On Thu, Sep 01, 2022 at 04:05:53PM +0530, Ravi Bangoria wrote:
> On 29-Aug-22 8:10 PM, Peter Zijlstra wrote:
> > On Mon, Aug 29, 2022 at 02:04:33PM +0200, Peter Zijlstra wrote:
> >> On Mon, Aug 29, 2022 at 05:03:47PM +0530, Ravi Bangoria wrote:
> >>> @@ -12598,6 +12590,7 @@ 
> >>> EXPORT_SYMBOL_GPL(perf_event_create_kernel_counter);
> >>>  
> >>>  void perf_pmu_migrate_context(struct pmu *pmu, int src_cpu, int dst_cpu)
> >>>  {
> >>> +#if 0 // XXX buggered - cpu hotplug, who cares
> >>>   struct perf_event_context *src_ctx;
> >>>   struct perf_event_context *dst_ctx;
> >>>   struct perf_event *event, *tmp;
> >>> @@ -12658,6 +12651,7 @@ void perf_pmu_migrate_context(struct pmu *pmu, 
> >>> int src_cpu, int dst_cpu)
> >>>   }
> >>>   mutex_unlock(&dst_ctx->mutex);
> >>>   mutex_unlock(&src_ctx->mutex);
> >>> +#endif
> >>>  }
> >>>  EXPORT_SYMBOL_GPL(perf_pmu_migrate_context);
> >>>  
> >>
> >> Note to self; fix this :-) I'll see if I have time for that later today.
> > 
> > Urgh, while going through that it appears the whole refcounting thing
> > isn't fully done either.
> 
> Not sure I follow.

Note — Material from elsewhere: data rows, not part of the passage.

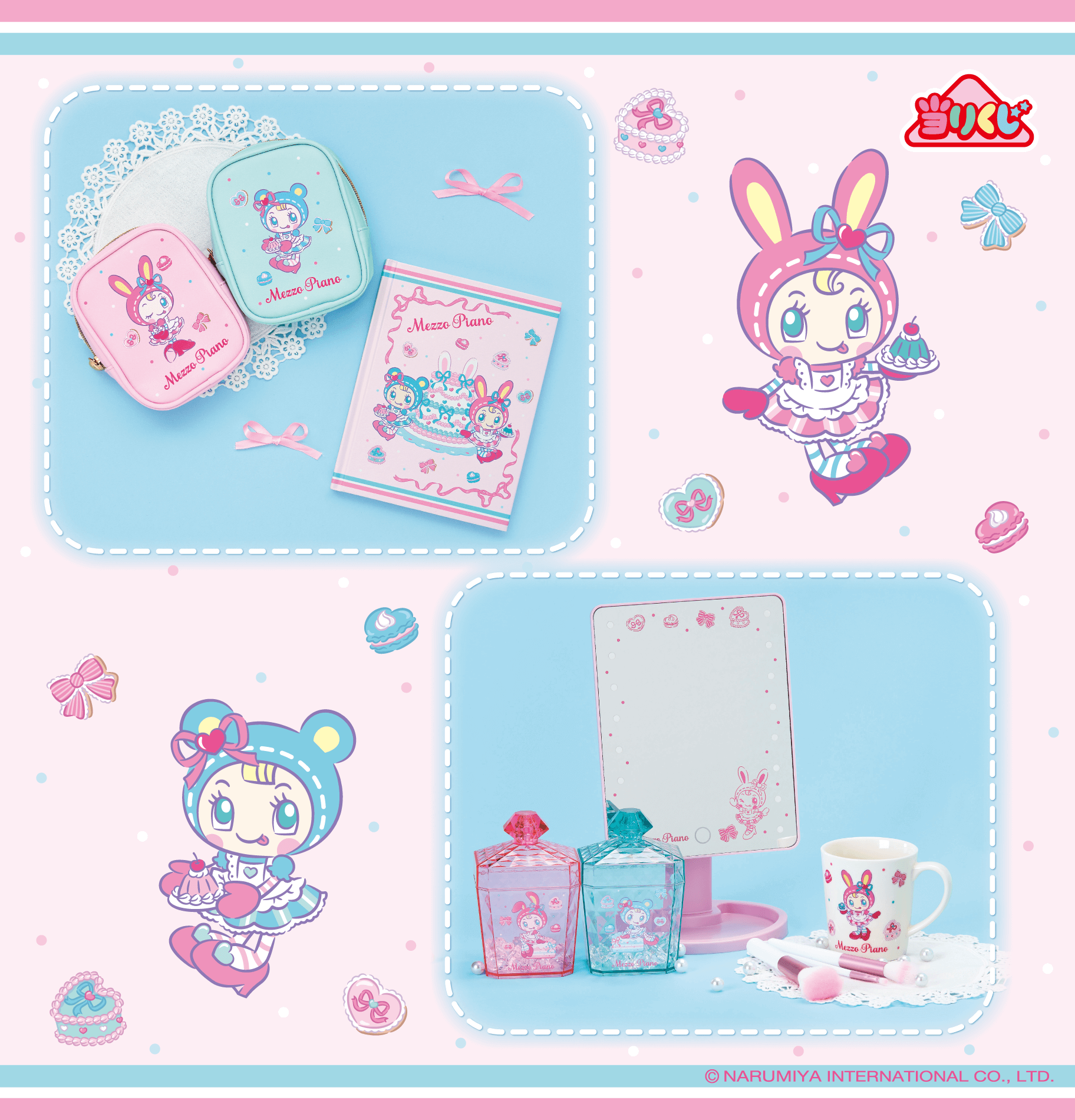 【上段左から:⑤ポーチ ピンク / ⑥ポーチ ブルー / ⑨ノート】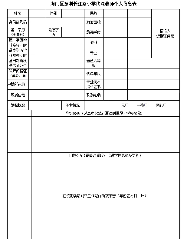 1.下载《海门区东洲长江路小学代课教师个人信息表》并填写完整;身份证正反面、学历学位证书、教师资格证、普通话等级证书、荣誉证书等复印件交校长办公室。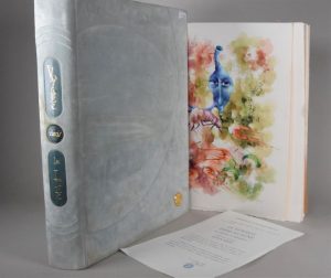 CYRANO DE BERGERAC. LE VOYAGE DANS LA LUNE. Monte Carlo, Arts et Couleurs, 1979. Grand in-folio en feuilles, sous emboîtage de daim gris-bleu de l'éditeur. Illustré de 10 gouaches originales et uniques de l'artiste MYRIAM BERING (signées et datées au crayon), qui consacra 20 ans de sa vie à la réalisation de cet ouvrage d'exception. Tirage à 223 exemplaires, celui-ci l'un des 40 exemplaires numérotés en chiffres romains et enrichis d'une grande gouache encadrée (absente) et d'un dessin original à l'encre et gouache blanche, signé. Bel état.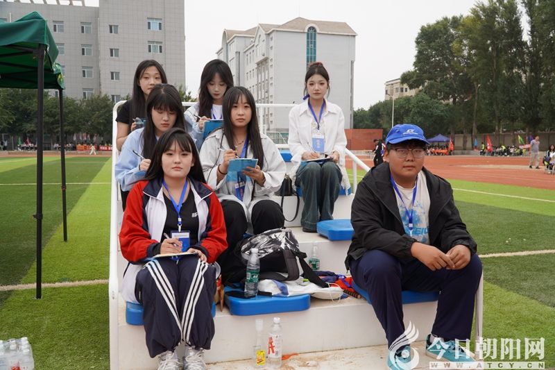 看臺上,同學(xué)們的歡呼聲、加油聲此起彼伏。每一次沖刺、每一次跳躍、每一次投擲都牽動著大家的心。志愿者們在賽場內(nèi)外忙碌著,為運動員們提供及時的服務(wù);裁判員們專注地記錄著比賽成績,確保比賽公正、有序進行。

Can you please elaborate.

Sure, and sorry, I've not been feeling too well the past few days; I
meant to post something, but I just couldn't find it in me to finish it
let alone make it work.

So the basic issue I mentioned is that:


/*
 *           ,------------------------[1:n]---------------------.
 *           V                                                  V
 * perf_event_context <-[1:n]-> perf_event_pmu_context <--- perf_event
 *           ^                      ^     |                     |
 *           `--------[1:n]---------'     `-[n:1]-> pmu <-[1:n]-'
 *
 *
 * XXX destroy epc when empty
 *   refcount, !rcu
 *
 * XXX epc locking
 *
 *   event->pmu_ctx            ctx->mutex && inactive
 *   ctx->pmu_ctx_list         ctx->mutex && ctx->lock
 *
 */
struct perf_event_pmu_context {
        ...
        atomic_t                        refcount; /* event <-> epc */
        ...
}

But that then also suggests that:

struct perf_event_context {
        ...
        refcount_t                      refcount;
        ...
}

should be: ctx <-> epc, and that is not so, the ctx::refcount still
counts the number of events.

Now this might not be bad, but it is confusing.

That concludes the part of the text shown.